``Why is it that we entertain the belief that for every purpose odd numbers are the most effectual?'' - Pliny the Elder.
The PDL project began in February 1996, when I decided to experiment with writing my own `Data Language'. I am an astronomer. My day job involves a lot of analysis of digital data accumualated on many nights observing on telescopes around the world. Such data might for example be images containing millions of pixels and thousands of images of distant stars and galaxies. Or more abstrusely, many hundreds of digital spectral revealing the secrets of the composition and propertues of these distant objects.
Obviously many astronomers before have dealt with these problems, and a large amount of software has been constructed to facilitate their analysis. However, like many of my colleagues, I was constantly frustrated by the lack of generality and flexibility of these programs and the difficulty of doing anything out of the ordinary quickly and easily. What I wanted had a name: `Data Language', i.e. a language which allowed the manipulation of large amounts of data with simple arithmetic expressions. In fact some commericial software worked like this, and I was impressed with the capabilities but not with the price tag. And I thought I could do better.
As a fairly computer literate astronomer (read `nerd' or `geek' according to your local argot) I was very familiar with `Perl', a computer language which now seems to fill the shelves of many bookstores around the world. I was impressed by it's power and flexibility, and especially it's ease of use. I had even explored the depths of it's internals and written an interface to allow graphics (the PGPLOT module0.1). The ease with which I could then create charts and graphs, for my papers, was refreshing.
Version 5 of Perl had just been released, and I was fascinated by the new features available. Especially the support of arbitrary data structures (or `objects' in modern parlance) and the ability to `overload' operators -- i.e. make mathematical symbols like +-*/ do whatever you felt like. It seemed to me it ought to be possible to write an extension to Perl where I could play with my data in a general way: for example using the maths operators manipulate whole images at once.
Well one slow night at an observatory I just thought I would try a little experiment. In a bored moment I fired up a text editor and started to create a file called `PDL.xs' -- a Perl extension module to manipulate data vectors. A few hours later I actually had something half decent working, where I could add two images in the Perl language, fast! This was something I could not let rest, and it probably cost me one or two scientific papers worth of productivity. A few weeks later the Perl Data Language version 1.0 was born. It was a pretty bare infant: very little was there apart from the basic arithmetic operators. But encouraged I made it available on the Internet to see what people thought.
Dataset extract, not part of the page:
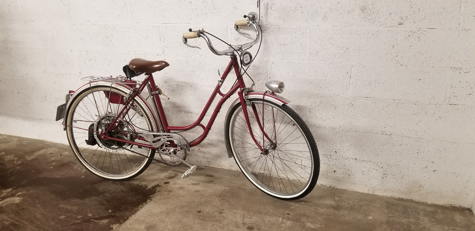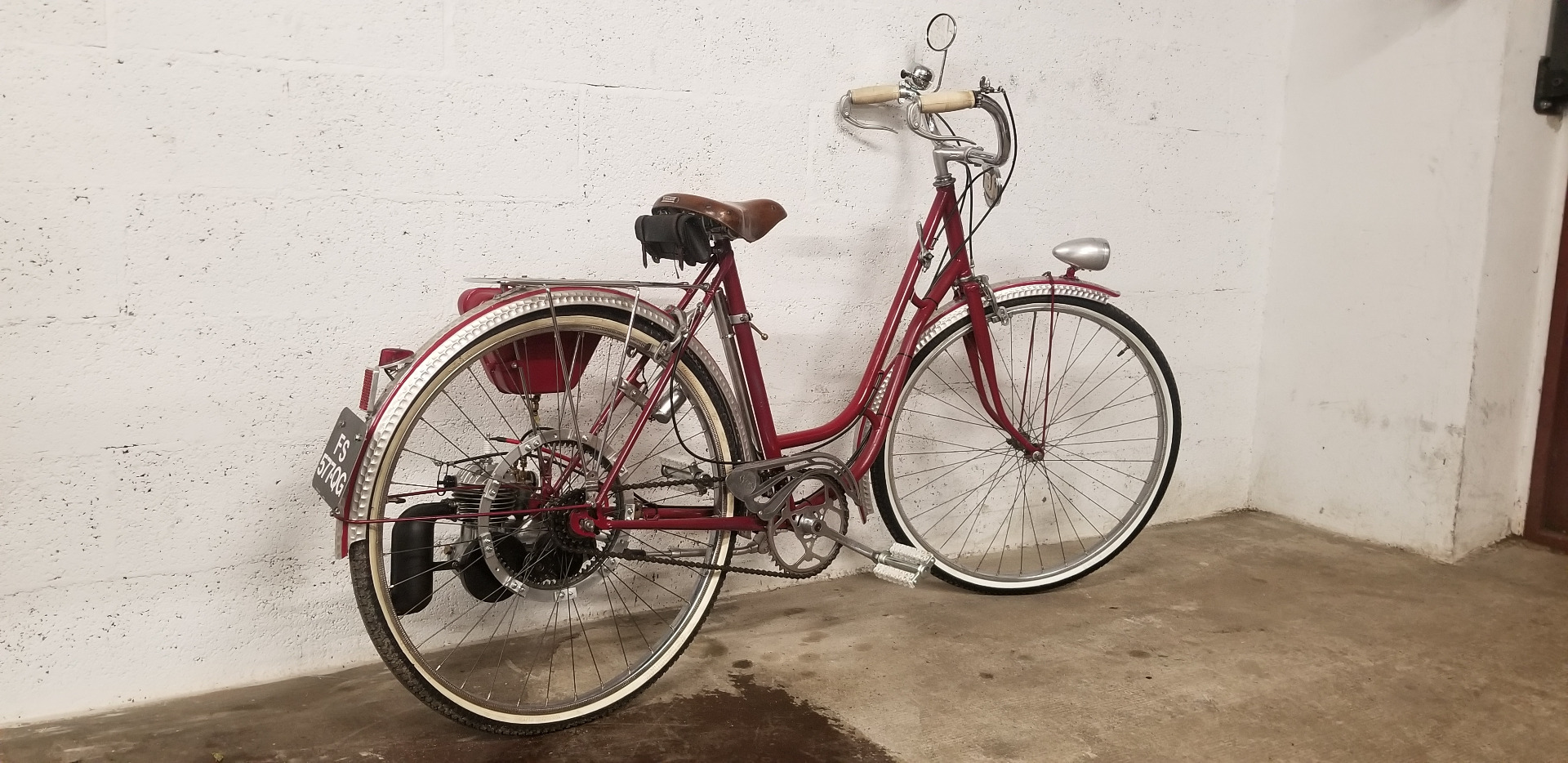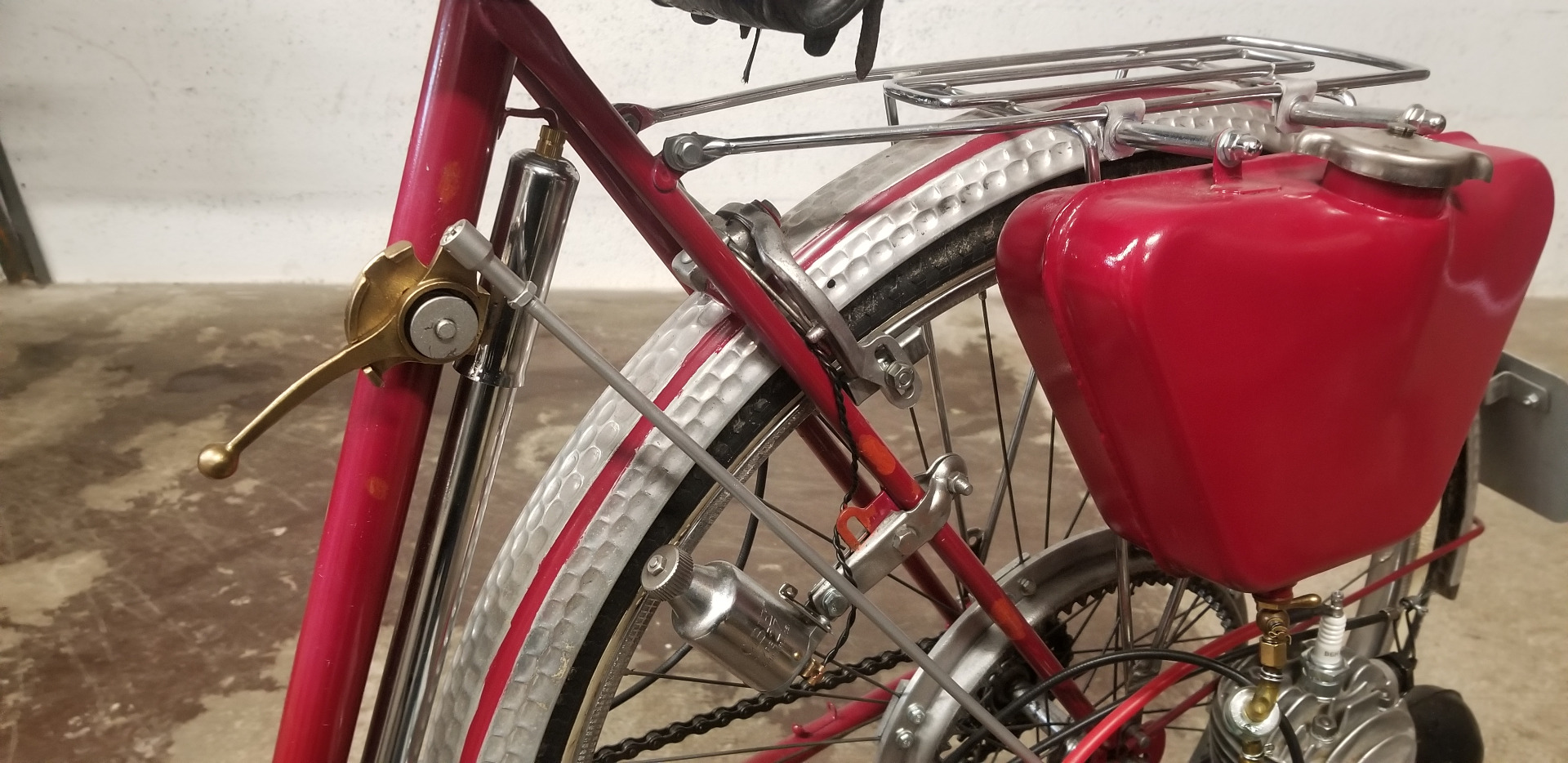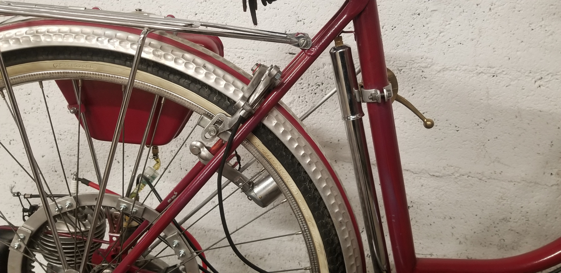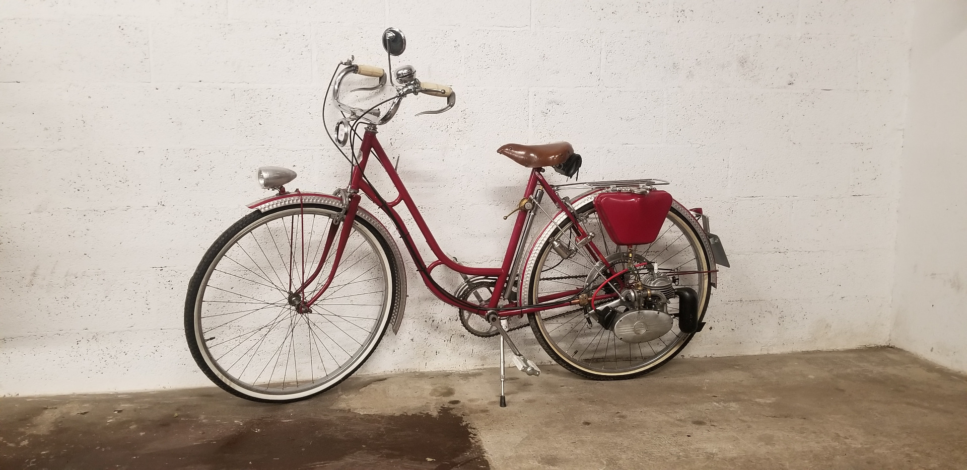 Très beau vélo ancien équipé d'un kit VAP 3 comprenant le moteur avec carburateur et échappement + roue de liaison avec la roue du vélo + réservoir d'essence, ensemble permettant de motoriser un vélo tout à fait standard. En effet après guerre les automobiles sont rares et chères, les motos et vélomoteurs, plus abordables mais le vélo beaucoup plus courant. C'est un plaisir de vous présenter ce bel exemplaire et de conserver ce patrimoine en bon état de fonctionnement, n'hésitez pas à passer !

Well people were fairly critical -- among the most vocal were Tuomas Lukka and Christian Soeller. Unfortunately for them they were both Perl enthusiasts too and soon found themselves improving my code to implement all the features they thought PDL ought to have and I had heinously neglected. PDL is a prime example of that modern phenomenon of authoring large free software packages via the Internet. Large numbers of people, most of whom have never met, have made contributions ranging for core functionality to large modules to the smallest of bug patches. PDL version 2.0 is now here (though it should perhaps have been called version 10 to reflect the amount of growth in size and functionality) and the phenomenon continues.
I firmly believe that PDL is a great tool for tackling general problems of data analysis. It is powerful, fast, easy to add too and freely available to anyone. I wish I had had it when I was a graduate student! I hope you too will find it of immense value, I hope it will save you from heaps of time and frustration in solving complex problems. Of course it can't do everything, but it provides the framework, the hammers and the nails for building solutions without having to reinvent wheels or levers.
- Karl Glazebrook, Sydney, Australia. 4/March/1999
This book is for anybody who has to work on large volumes of data, for mathematical analysis or visualisation. You could be a scientist or an engineer working or research or design problems, a businessman trying to make sense of vast numbers of stock indices, a statistician crunching numbers and trying to figure out trends or a web site manager monitoring page accesses.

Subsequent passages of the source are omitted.